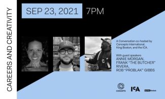 • Promotional image for a conversation event, Careers and Creativity, on Sep 23, 2021, at 7 PM. Guest speakers listed are Annie Morgan, Frank The Butcher Rivera, and Rob Problak Gibbs. Co-hosted by Concepts International, King Boston, and the ICA. Play Button
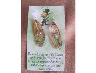 Circa May 2011-remember the overwhelming invasion of the cicadas? These unique earrings are handmade from cicada wings. Smooth to the touch and enhanced with a dangling stone. Silver posts.
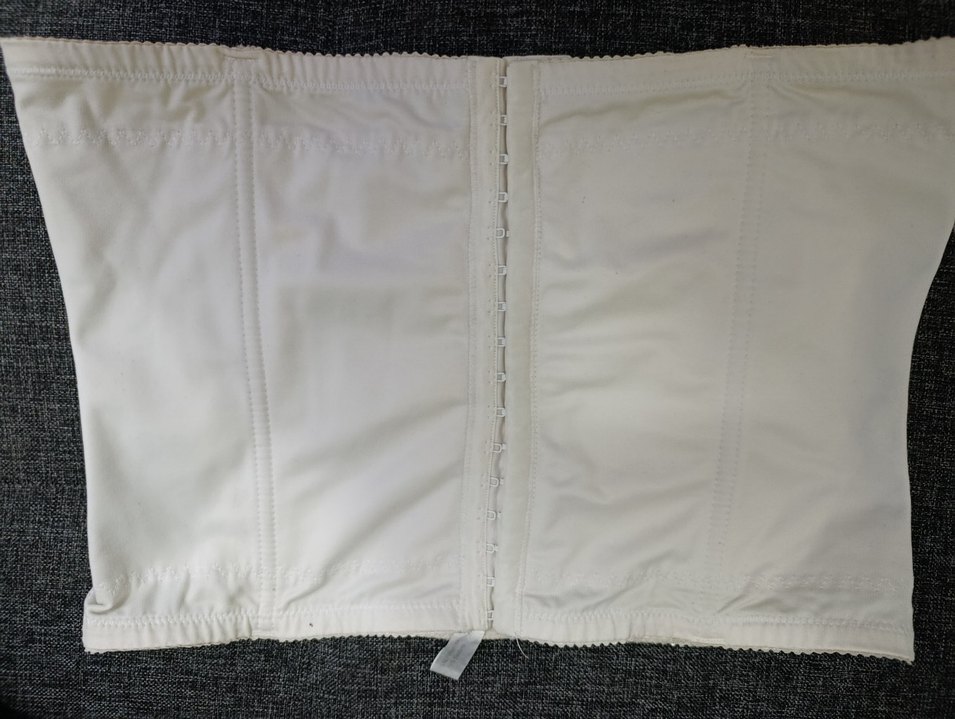 Beyaz renkte, midi boyda ve önü çıtçıtlı, rahat ve destekleyici göğüs körüklü fitted korsedir. 2 adet
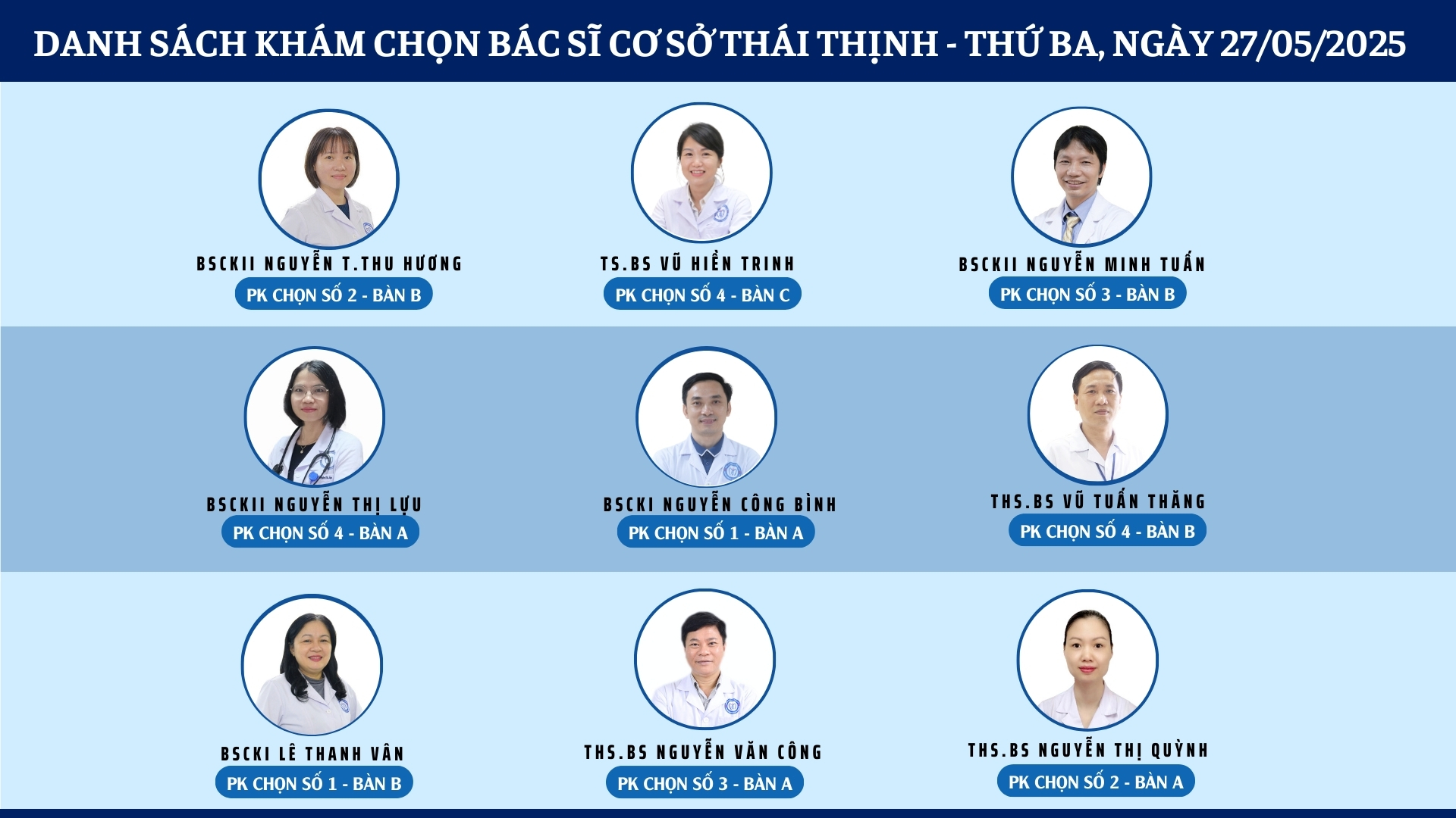 CẬP NHẬT DANH SÁCH DỊCH VỤ BÁC SĨ KHÁM CHỌN TẠI 2 CƠ SỞ TỨ HIỆP VÀ THÁI THỊNH

————————

= Exercise aim =
Print exactly the line containing "Beyaz renkte, midi" and every line after it through the final line above, and leave all pictures out.

= Response area =
 Beyaz renkte, midi boyda ve önü çıtçıtlı, rahat ve destekleyici göğüs körüklü fitted korsedir. 2 adet
 CẬP NHẬT DANH SÁCH DỊCH VỤ BÁC SĨ KHÁM CHỌN TẠI 2 CƠ SỞ TỨ HIỆP VÀ THÁI THỊNH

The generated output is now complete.